» Directions for this task: In the listing below, find the line containing "新春!伊勢浄化!招き猫の豆ブレスレット 【オニキス・右手】 ise2023" and the line containing "Unregelmäßige schulter freie", then copy exactly everything from the first through the second, except the pictures.
● ● ● ●
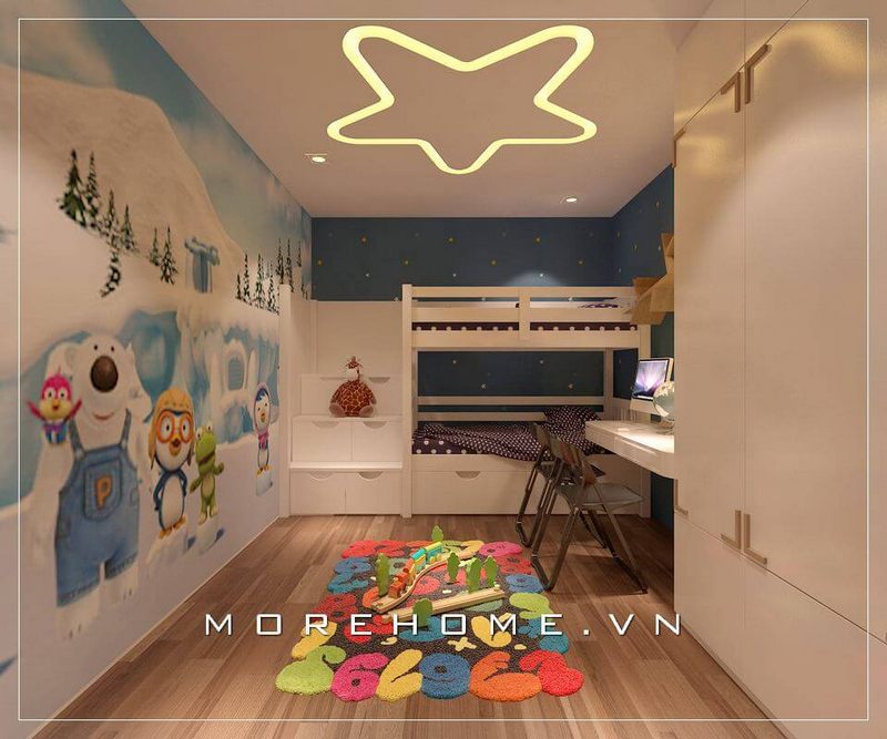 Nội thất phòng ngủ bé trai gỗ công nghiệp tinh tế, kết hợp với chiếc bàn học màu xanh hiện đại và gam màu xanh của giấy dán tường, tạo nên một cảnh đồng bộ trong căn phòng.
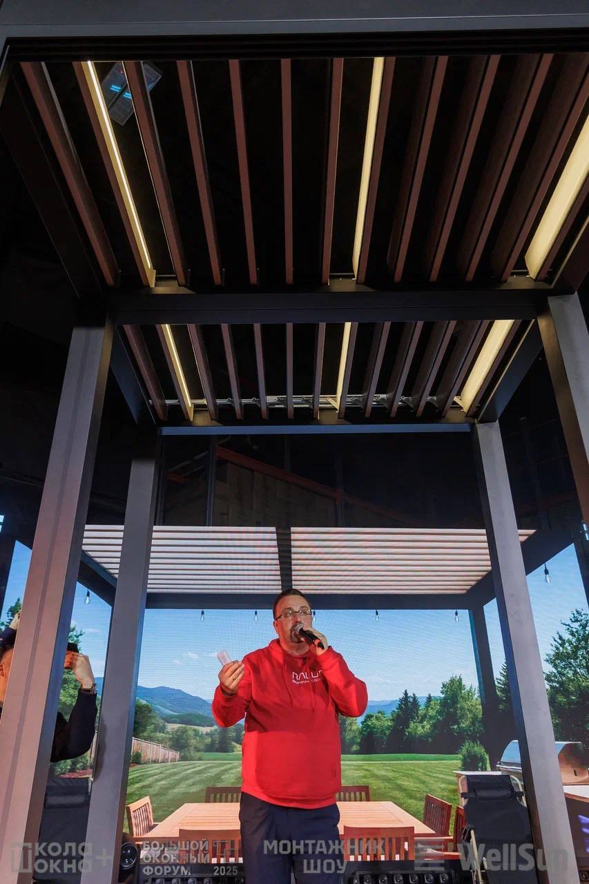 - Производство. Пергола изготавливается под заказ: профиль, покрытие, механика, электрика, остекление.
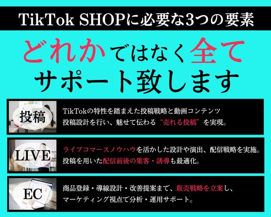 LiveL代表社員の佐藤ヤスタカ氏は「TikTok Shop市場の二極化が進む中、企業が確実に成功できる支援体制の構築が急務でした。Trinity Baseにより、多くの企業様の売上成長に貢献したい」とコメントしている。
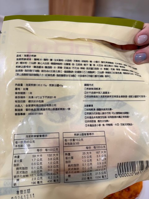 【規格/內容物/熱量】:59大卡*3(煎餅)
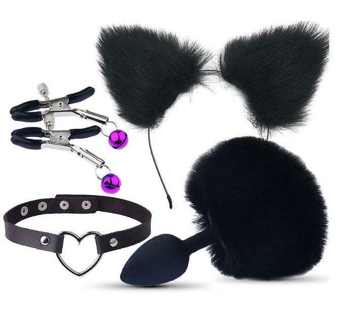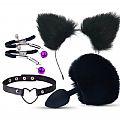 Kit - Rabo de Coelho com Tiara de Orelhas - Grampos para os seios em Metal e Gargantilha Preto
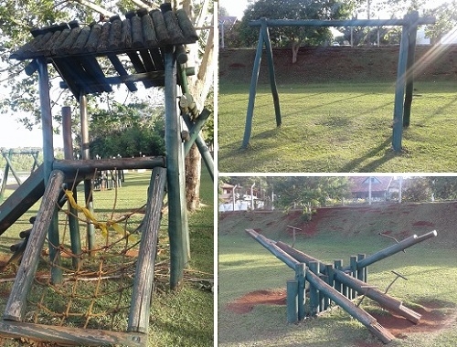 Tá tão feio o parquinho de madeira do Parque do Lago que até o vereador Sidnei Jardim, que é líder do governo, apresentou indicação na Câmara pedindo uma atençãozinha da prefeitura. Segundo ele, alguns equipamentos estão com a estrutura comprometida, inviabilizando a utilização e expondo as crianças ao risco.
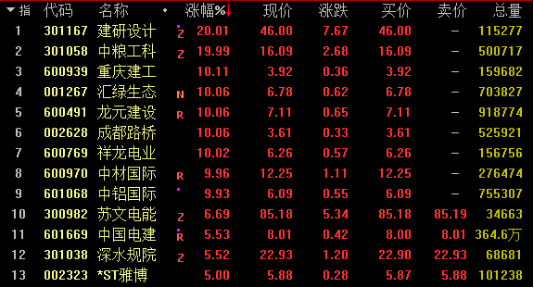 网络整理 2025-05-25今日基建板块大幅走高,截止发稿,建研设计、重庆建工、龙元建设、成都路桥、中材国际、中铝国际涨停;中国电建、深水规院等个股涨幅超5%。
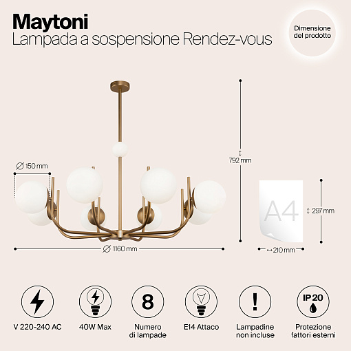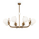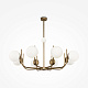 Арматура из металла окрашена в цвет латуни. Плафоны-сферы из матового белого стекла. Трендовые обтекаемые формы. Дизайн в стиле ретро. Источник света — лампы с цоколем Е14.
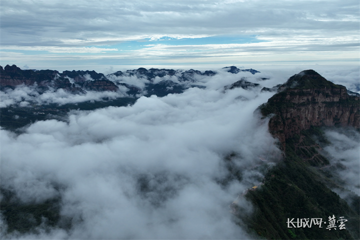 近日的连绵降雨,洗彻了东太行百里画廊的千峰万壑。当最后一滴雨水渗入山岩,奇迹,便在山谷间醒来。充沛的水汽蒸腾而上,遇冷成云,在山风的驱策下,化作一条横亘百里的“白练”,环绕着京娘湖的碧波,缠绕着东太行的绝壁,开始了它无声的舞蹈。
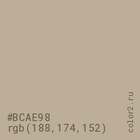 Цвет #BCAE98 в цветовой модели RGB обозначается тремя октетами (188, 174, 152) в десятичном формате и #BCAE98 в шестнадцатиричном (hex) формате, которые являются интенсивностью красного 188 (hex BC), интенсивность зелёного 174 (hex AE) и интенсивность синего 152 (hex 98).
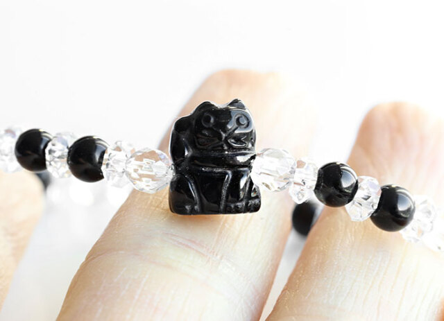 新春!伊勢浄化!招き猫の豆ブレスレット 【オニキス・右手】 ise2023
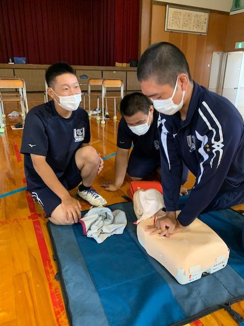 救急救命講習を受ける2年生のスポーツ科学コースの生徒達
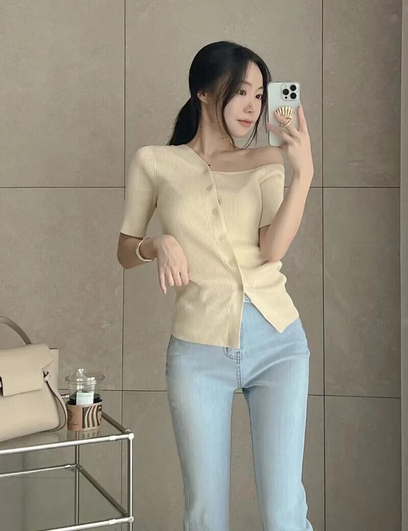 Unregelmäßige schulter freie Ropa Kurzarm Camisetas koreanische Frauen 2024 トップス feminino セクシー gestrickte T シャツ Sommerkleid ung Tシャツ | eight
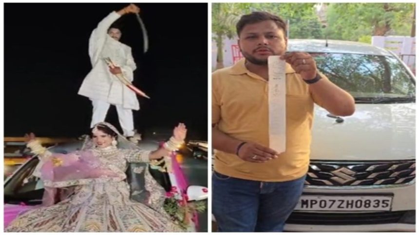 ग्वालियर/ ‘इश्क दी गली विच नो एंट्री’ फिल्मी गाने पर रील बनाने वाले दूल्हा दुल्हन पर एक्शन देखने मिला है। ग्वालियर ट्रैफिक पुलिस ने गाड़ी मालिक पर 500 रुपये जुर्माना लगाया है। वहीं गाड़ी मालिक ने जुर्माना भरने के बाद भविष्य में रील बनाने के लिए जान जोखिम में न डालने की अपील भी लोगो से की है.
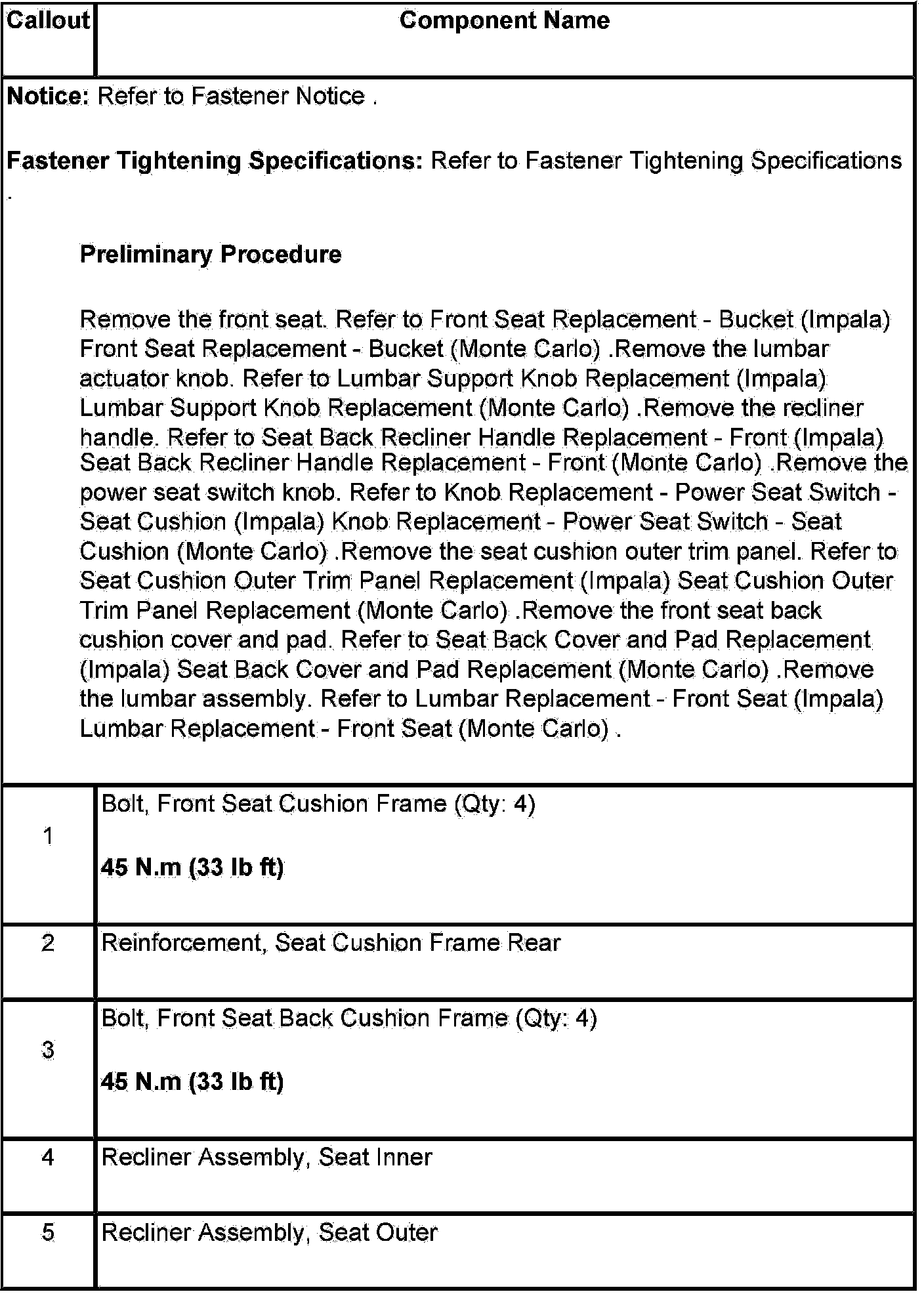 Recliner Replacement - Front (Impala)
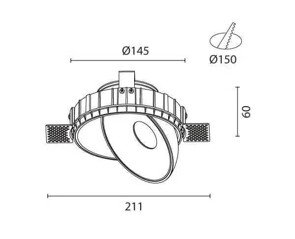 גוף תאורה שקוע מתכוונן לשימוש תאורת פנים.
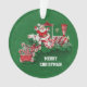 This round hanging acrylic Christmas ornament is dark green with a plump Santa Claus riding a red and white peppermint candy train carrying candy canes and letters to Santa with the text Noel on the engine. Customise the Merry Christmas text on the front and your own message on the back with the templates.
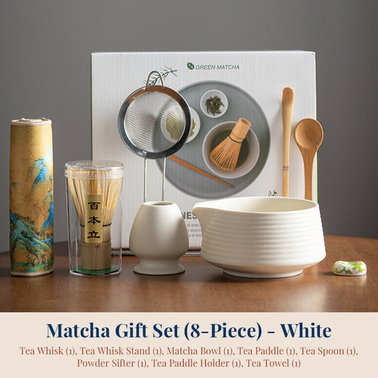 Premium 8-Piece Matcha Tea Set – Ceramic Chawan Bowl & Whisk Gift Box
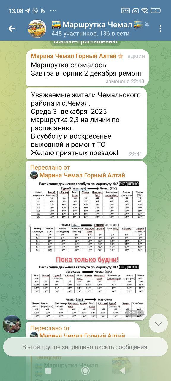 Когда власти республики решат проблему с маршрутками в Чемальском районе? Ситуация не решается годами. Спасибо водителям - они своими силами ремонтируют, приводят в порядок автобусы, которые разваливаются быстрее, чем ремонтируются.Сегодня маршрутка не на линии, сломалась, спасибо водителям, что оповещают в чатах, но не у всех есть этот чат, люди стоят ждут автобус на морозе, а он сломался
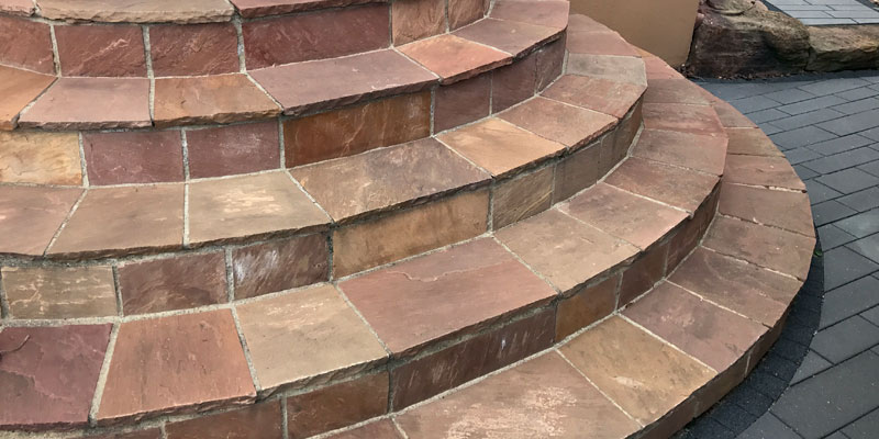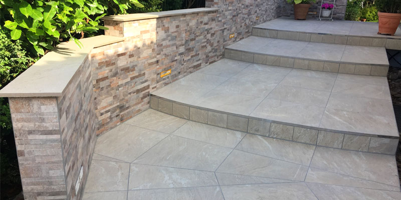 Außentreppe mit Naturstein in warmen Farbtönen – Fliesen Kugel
● ● ● ●
» Task response:
 新春!伊勢浄化!招き猫の豆ブレスレット 【オニキス・右手】 ise2023
 救急救命講習を受ける2年生のスポーツ科学コースの生徒達
 Unregelmäßige schulter freie Ropa Kurzarm Camisetas koreanische Frauen 2024 トップス feminino セクシー gestrickte T シャツ Sommerkleid ung Tシャツ | eight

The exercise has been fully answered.